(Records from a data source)
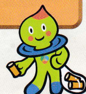
滋賀県イメージ キャラクター うおーたん
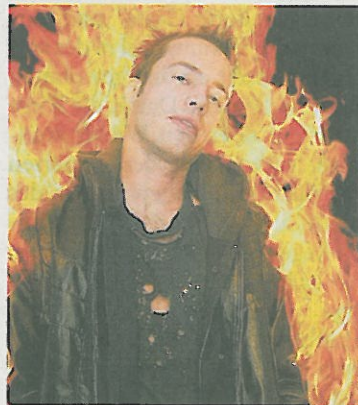
Der niederländische Trance-DJ Sander van Doorn kommt am 21. November erstmals nach Linz.
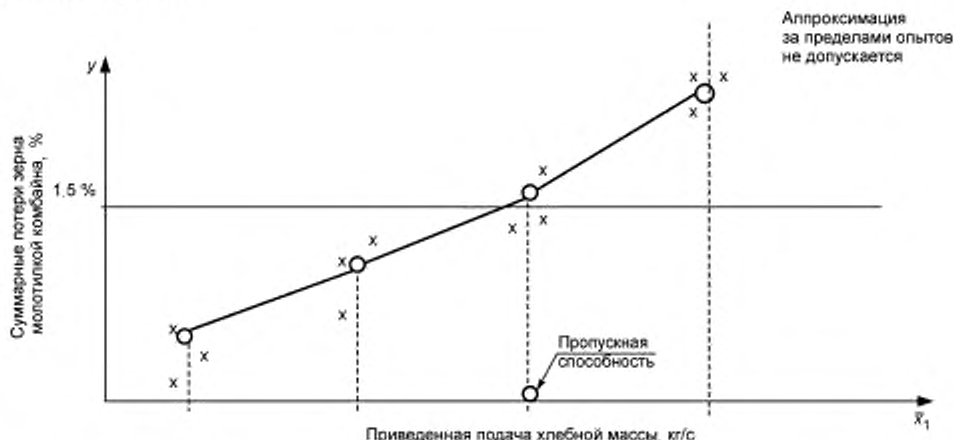
Рисунок 2 — График зависимости потерь зерна молотилкой комбайна от приведенной подачи хлебной массы

7.4.41 Аппроксимацию полученных данных производят, используя стандартизованные методы математической обработки.
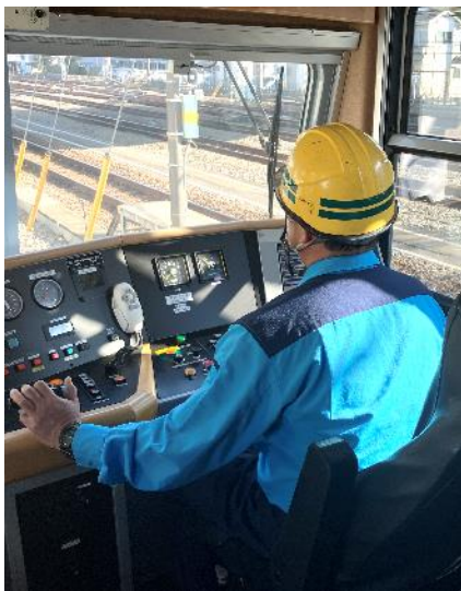
操作・運転体験の様子※イメージ

イベントの参加特典として、記念運転適任証と名札のほか、レールスライスをプレゼントします。皆さまのご参加を心よりお待ちしております。
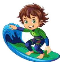
Surfin' USA CP
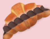
Medialuna con Dulce de Leche (193 g) $56
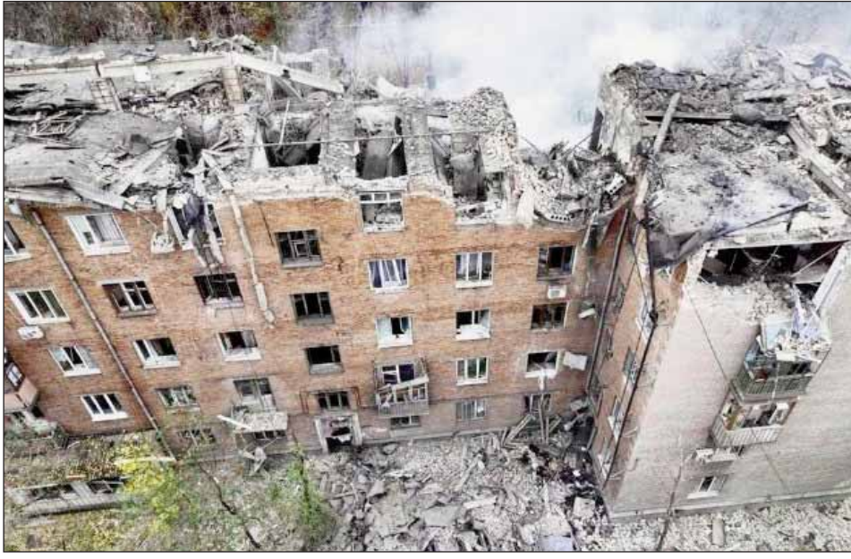
ਇਸ ਤੋਂ ਇਲਾਵਾ ਰੂਸ ਨੇ ਸੁਕਤੀਸਾਲੀ ਗਲਾਈਡ ਬੰਬ ਦਾਗੇ। ਜੁਪੋਰੀਜ਼ੀਆ ਸ਼ਹਿਰ 'ਤੇ 3 ਇਸ ਵਿੱਚ ਇੱਕ ਵਿਅਕਤੀ ਦੀ ਮੌਤ ਹੋ ਗਈ।

ਮਾਸਕੋ, 11 ਨਵੰਬਰ (ਪੋਸਟ ਬਿਊਰੋ): ਰੂਸ ਨੇ ਸੋਮਵਾਰ ਨੂੰ ਯੂਕਰੇਨ 'ਤੇ ਡਰੋਨ ਅਤੇ ਬੈਲਿਸਟਿਕ ਮਿਜ਼ਾਈਲਾਂ ਨਾਲ ਹਮਲਾ ਕੀਤਾ। ਇਸ ਦੌਰਾਨ ਰੂਸ ਨੇ ਯੂਕਰੇਨ ਦੇ ਦੱਖਣ-ਪੱਛਮੀ ਸ਼ਹਿਰਾਂ 'ਤੇ ਗਲਾਈਡ ਬੰਬ ਵੀ ਸੁਟੇ। ਇਨ੍ਹਾਂ ਹਮਲਿਆਂ ਵਿੱਚ ਛੇ ਯੂਕਰੇਨੀ ਨਾਗਰਿਕਾਂ ਦੀ ਮੌਤ ਹੋ ਗਈ ਹੈ, ਜਦੋਂ ਕਿ 30 ਤੋਂ ਵੱਧ ਜ਼ਖਮੀ ਹਨ। ਰੂਸ ਵੱਲੋਂ ਨਿਸ਼ਾਨਾ ਬਣਾਏ ਗਏ ਯੂਕਰੇਨ ਦੇ ਸ਼ਹਿਰ ਯੂਥ ਪੇਤਰ ਦੀ ਫਰੰਟ ਲਾਈਨ ਤੋਂ 1000 ਕਿਲੋਮੀਟਰ ਦੇ ਘੇਰੇ ਵਿੱਚ ਹਨ। ਸੋਮਵਾਰ ਨੂੰ ਰੂਸੀ ਹਮਲੇ ਵਿੱਚ ਮਾਰੇ ਗਏ ਪੰਜ ਨਾਗਰਿਕਾਂ ਵਿੱਚੋਂ ਜ਼ਿਆਦਾਤਰ ਦੱਖਣੀ ਸ਼ਹਿਰ ਮਾਈਕੋਲਾਈਵ ਵਿੱਚ ਸਨ। ਇਸ ਸ਼ਹਿਰ 'ਤੇ ਰੂਸ ਨੇ ਡਰੋਨ ਨਾਲ ਹਮਲਾ ਕੀਤਾ ਸੀ। ਹਮਲੇ 'ਚ 45 ਸਾਲਾ ਔਰਤ ਵੀ ਜ਼ਖਮੀ ਹੋ ਗਈ।
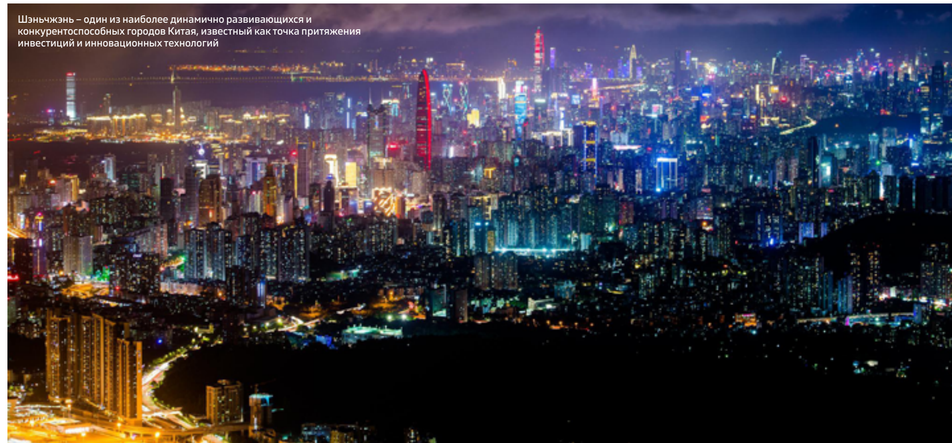
Шэньчжэнь – один из наиболее динамично развивающихся и конкурентоспособных городов Китая, известный как точка притяжения инвестиций и инновационных технологий

зинов, представляющих выход международных и отечественных брендов на глобальный, азиатский, китайский или муниципальный рынок. Так, в прошлом году в Шанхае компания Apple открыла свой крупнейший розничный магазин на материковой части Китая, а Starbucks выпустила на китайский рынок шесть напитков Oleato – кофе с оливковым маслом.
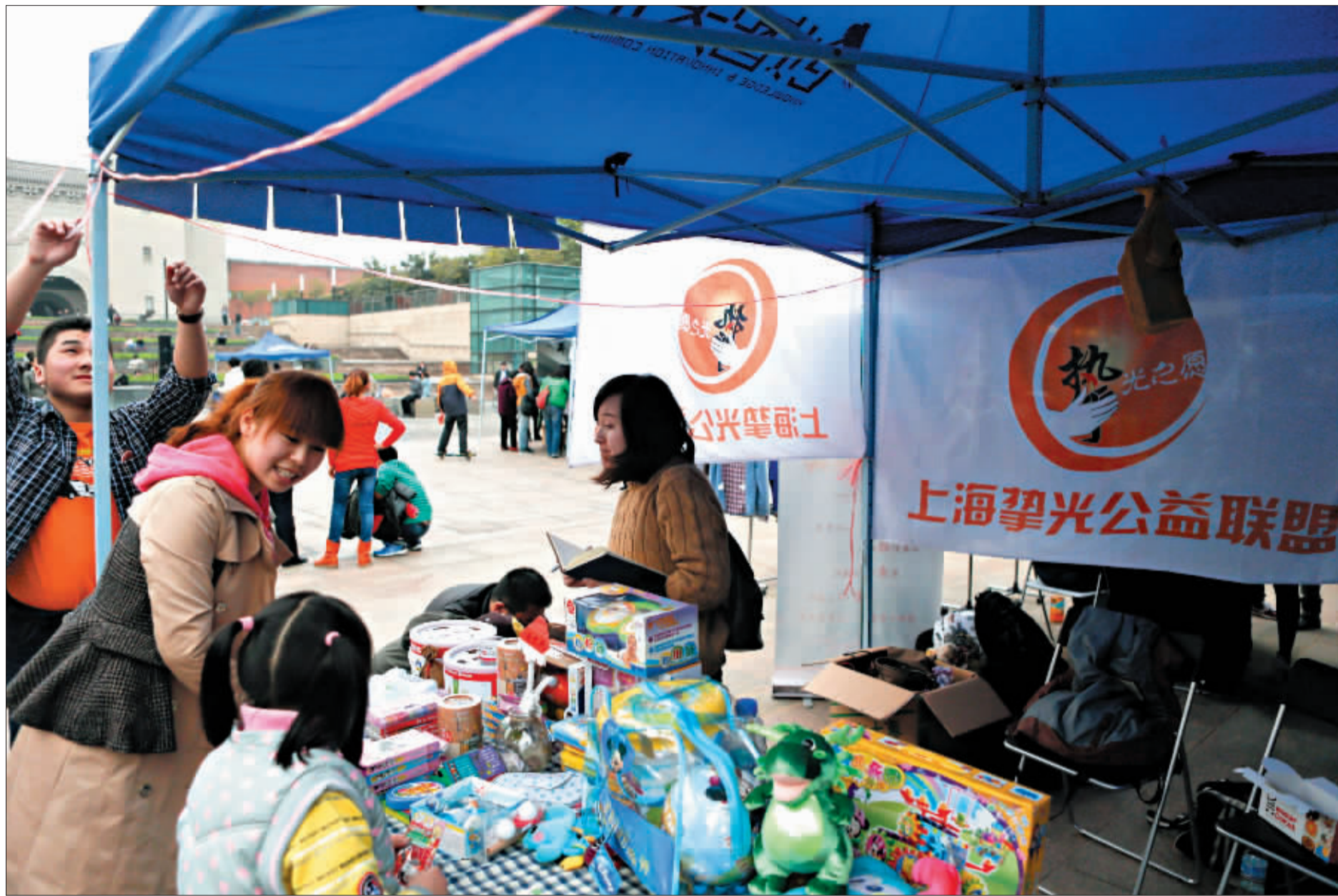
今年3月17日 一家公益组织正在杨浦区创意天地举办的公益集市上摆摊。除了公益组织外 来自全国各地的创意工作室和创业青年也是公益集市 “固定班底”的重要组成部分。
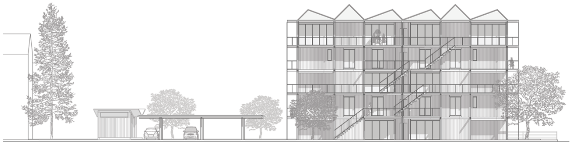
Abb. 3: Richtprojekt, Ansicht Nord
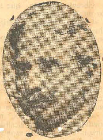
Assis Brasil, o evangelizador dos pampas

Rio, 23 (Havas) — A caravana do Partido Democratico, chefiada pelo deputado gaúcho Assis Brasil, segue amanhã para Bello Horizonte, tomando parte todos os deputados da esquerda.
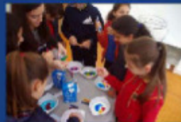
Atelier du « Lait magique »
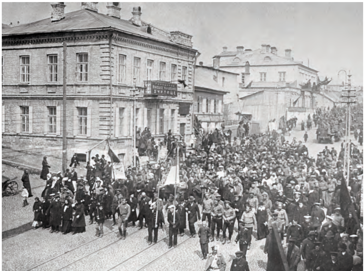
Février 1917 : manifestation à Vladivostok.
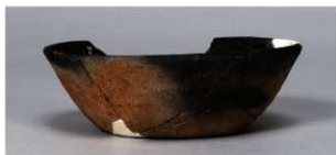
8 第102号住居跡 (第345图21)
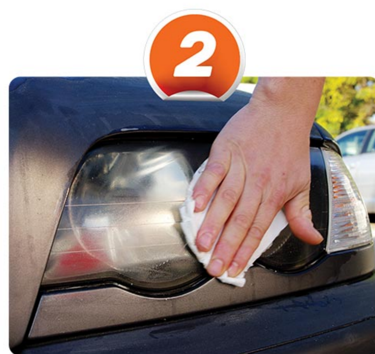
Séchez la surface
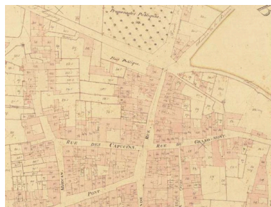
Emplacement du couvent de Capucins sur le cadastre de 1837 (feuille de section F2) IVR43_20137000786NUC2A
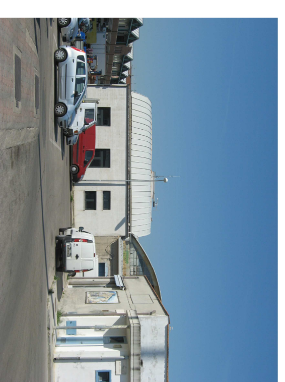
fronte est via V. DE GAMMA
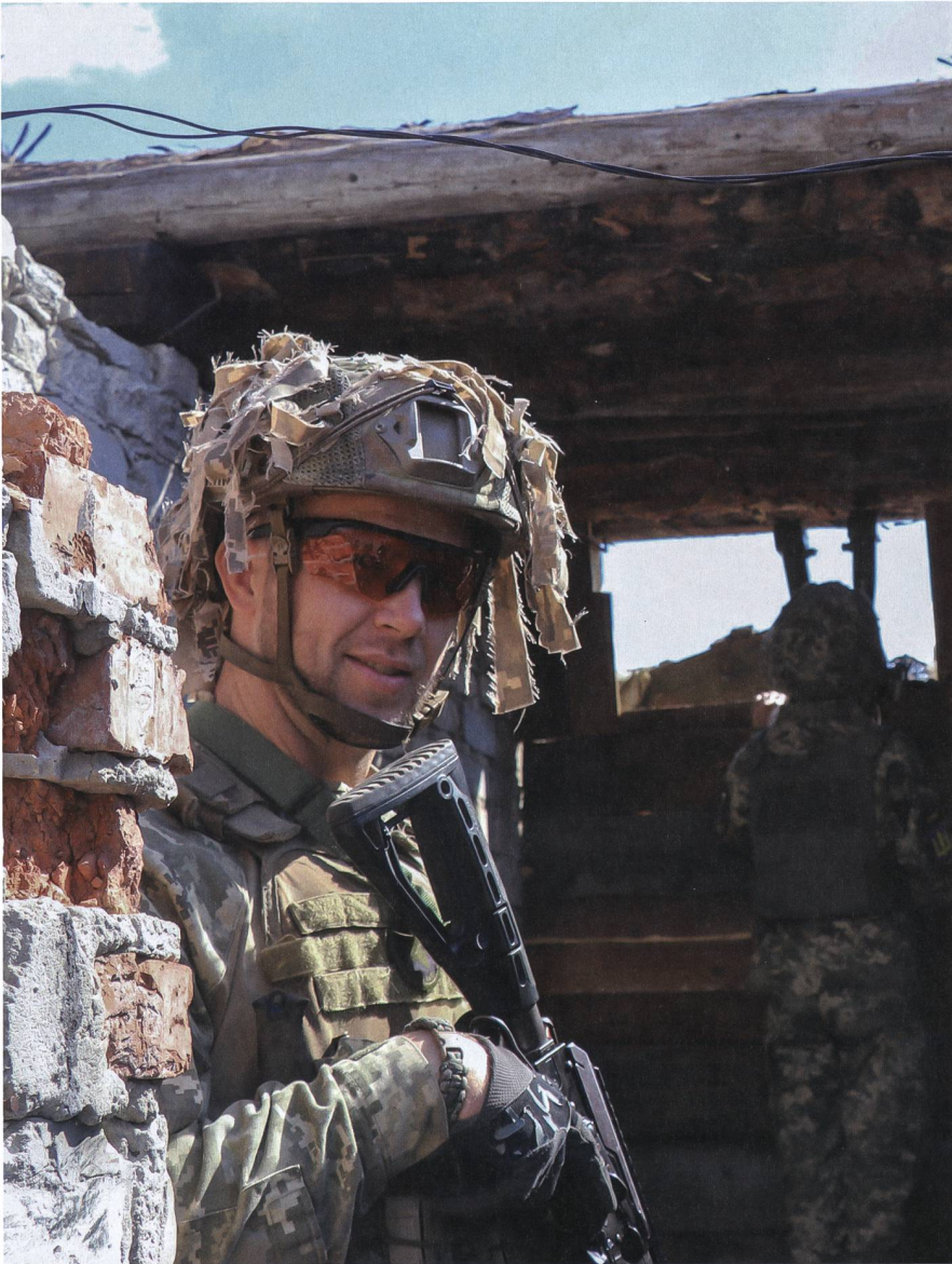
Begrüssung an der vordersten Stellung. Im Hintergrund: Beobachtung durch ein Grabenperiskop.
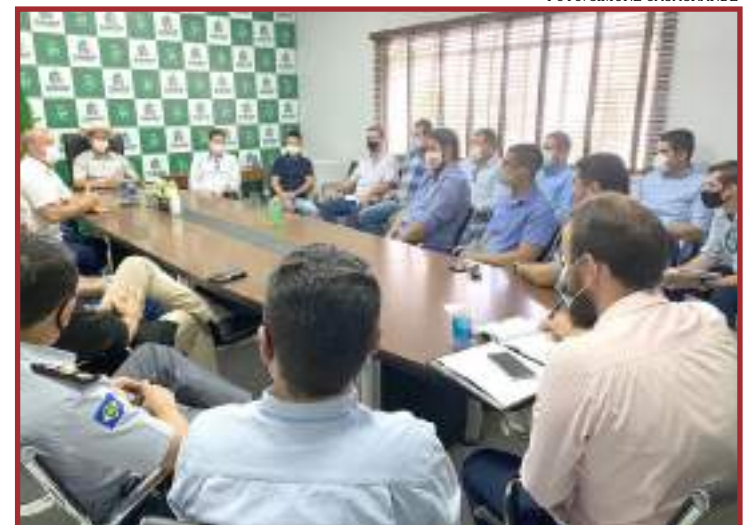
Prefeito se reúne com entidades para definir ações de prevenção
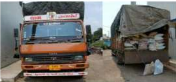
(સૌરાષ્ટ્ર ક્રાંતિ કમ્પ્યુટર-રાજકોટ) રાજકોટ, તા.૯ પોલીસ ઠંડપંચકેટર રૂબેચલ

૧૦ કિ.ગ્રા. નો ૨૦૦ બાથકા ફુલ ૧૦ હજાર કિ.ગ્રા. ઘઉંનો જથ્થો રાજકોટ જાણતા કબ્જે કરી આટલો પોલીસ સ્ટેશનમાં રાખેલ, માલખાતર જલસુ, નાથન શિલા પેનેજર, ગોડાઉન મેનેજર જલસુ, રાજકોટ પુરવઠા ટીમ, પોલીસ ડેપુટી-સુપર, રાજકોટ ઓપરેશન ડ્યુપ્લિ રાજકોટ ગ્રામ્ય દ્વારા તપાસ કરવામાં આવતા વિગતો જાહેર કરવામાં આવી છે. ઘઉંનો જથ્થો બહાર વિતરણ વ્યવસ્થાકોટનો પ્રાથમિક રીતે કે નિવન ખાતેથી પીળા કલરનાં ટોરાથી સમભરતી કરેલા ખાતરના ભેગા મળ્યા નથી. આઈસર વાહન નં. ૭૭૭ ૦૩ એટી ૧૦૩૩ નો ડ્રાઈવર મુકુભાઈ ૨ પુભાઈ મી. દ્વારા કોઈ ખરીદ-વેચવામાં કોઈ આધાર પુરાવાઓ રજૂ કરવામાં આવેલ ન હોવાથી ઘઉંનો બાથકા ૫૦ કિલોનાં ૨૦૦ ફુલ ૧૦ હજાર કિ.ગ્રા. જેની ઉંચત એક લાખ પેંચાણું હજાર અને આઈસર વાહન ૧ જેની ઉંચત ૩ લાખ પેંચાણું હજારનો મુદામાલ સીઝ કરવામાં આવ્યો હોવાનું જણાયું છે.(૧.૧૨)
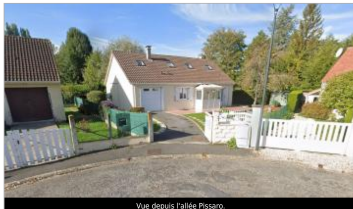
Vue depuis l'allée Pissaro.
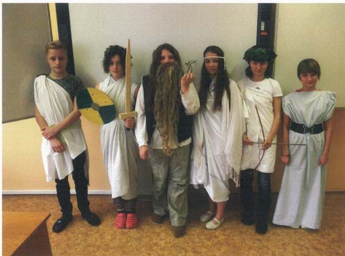
Biblické příběhy – hudebně dramatické vystoupení žáků
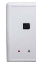
Контроллер конфигурации PERCo-SC-810
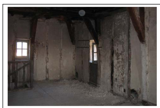
future salle de réunion des Associations
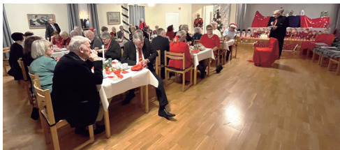
Bild på alla borden då vår DD tackar för det gångna året.
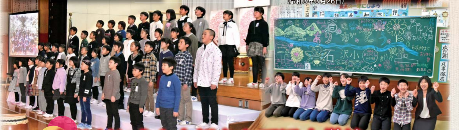
石沢小とお別れする日 (令和3年3月26日)
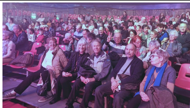
Cirque de Massy, les Seniors
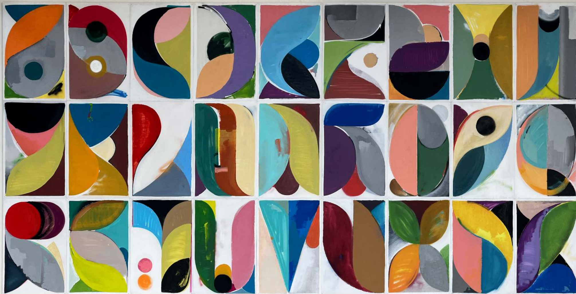
a-Z, 2021 Técnica mixta sobre tabla Mixed media on wood 122x81cm

_WHAT YOU ARE ASKED TO DO_
In these entries, some lines may contain the string "para". Give the number of such lines and nothing more.

_FINISHED TASK_
2